MARS and BCMARS-W are more stable for small scale among all methods. BCMARS-R is more stable for medium scale data sets.

Table 8 Averages of performance measures with respect to different scale

Full size table

5.4 Evaluation of the computational efficiencies

The elapsed time for each method applied on each data set are recorded on Pentium (R) Dual-Core CPU 2.80 GHz processor and 32-bit operating system Windows ®computer during the runs (Table 9). Depending on the results, following conclusions can be stated:

Run times increases as sample size and scale increases, except MARS.
Bootstrap methods run considerably longer times than MARS and CMARS. Three bootstrap regression methods have almost the same computational efficiencies in small size and small scale data sets. Run times of these methods increase almost ten times as much as the scale increases from small to medium.
BCMARS-R and BCMARS-W have similar better efficiencies in medium size small scale data sets. Their run times increase almost five times as much as the sample size increases in small scale data sets.
BCMARS-F and BCMARS-W have similar better efficiencies for medium size medium scale data sets.

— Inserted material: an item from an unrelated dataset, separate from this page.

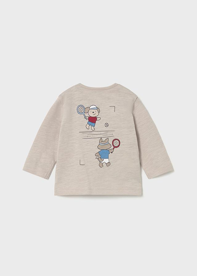 Camiseta manga larga para bebé niño, bolsillo en delantero lateral y dibujo en espalda

Table 9 Run times (in seconds) of methods with respect to size and scale of data sets

Full size table

5.5 Evaluation of the precision of model parameters

In addition to the accuracy, complexity and stability measures of the models, the CIs using Eq. (17) given in the Appendix and two different standard deviations of the parameters as described in Eq. (18) in the Appendix are calculated after bootstrapping. These values are compared with those obtained from bootstrapping CMARS. For the detailed results, one can refer to Yazıcı (2011). The shorter the lengths of the CIs and the smaller the standard deviations are, the more precise the parameter estimates are. According to the results, following conclusions can be drawn.

In US (small size medium scale) data, CMARS, BCMARS-F and BCMARS-R build the same models. Hence, the precision of their parameters are the same.
For all data sets except US, the lengths of CIs become narrower and standard deviations of the parameters become smaller after bootstrapping CMARS, thus, resulting in more precise parameter estimates.
In general, two different types of standard deviations obtained for all BCMARS methods are smaller than the ones obtained from CMARS.

6 Conclusion and further research

In this study, three different bootstrap methods are applied to a machine learning method, called CMARS, which is an improved version of the backward step of the well-known method MARS. Although CMARS overperforms MARS with respect to several criteria, it constructs models which are at least as complex as MARS (Weber et al. 2012). In this study, it is aimed to reduce the complexity of CMARS models without degrading its performance. To achieve this aim, bootstrapping regression methods, namely fixed-X and random-X resampling, and wild bootstrap, are utilized by adopting an iterative approach to determine whether the parameters statistically contribute to the developed CMARS model or not. The reason of using a computational method here is the lack of prior knowledge regarding the distributions of the model parameters.

The performances of the methods are empirically evaluated and compared with respect to several criteria (e.g. accuracy, complexity, stability, robustness, precision, computational efficiency) by using four data sets which are selected subjectively to represent the small and medium sample size and scale categories. All performance criteria are explained in the Appendix. In addition, to validate all models developed, three-fold CV approach is used.

Depending on the comparisons, particularly for testing data and stability results presented in Sect. 5, one may conclude the followings:

In the overall, BCMARS-R is the best performing method.
Small size (training and testing) data sets produce the best results for all methods; for small and medium size data, BCMARS-W and BCMARS-R overperform the others, respectively.
Medium scale produces the best results for CMARS and BCMARS-R when compared to the others, and BCMARS-R is the better performing one.
Bootstrapping methods give the most precise parameter estimates; however, they are computationally the least efficient.

In short, depending on the above conclusions, it may be suggested that BCMARS-R method leads to more accurate, precise and less complex models, particularly for medium size and medium scale data. Nevertheless, it is the least efficient method among the others for this type of data set in terms of run time.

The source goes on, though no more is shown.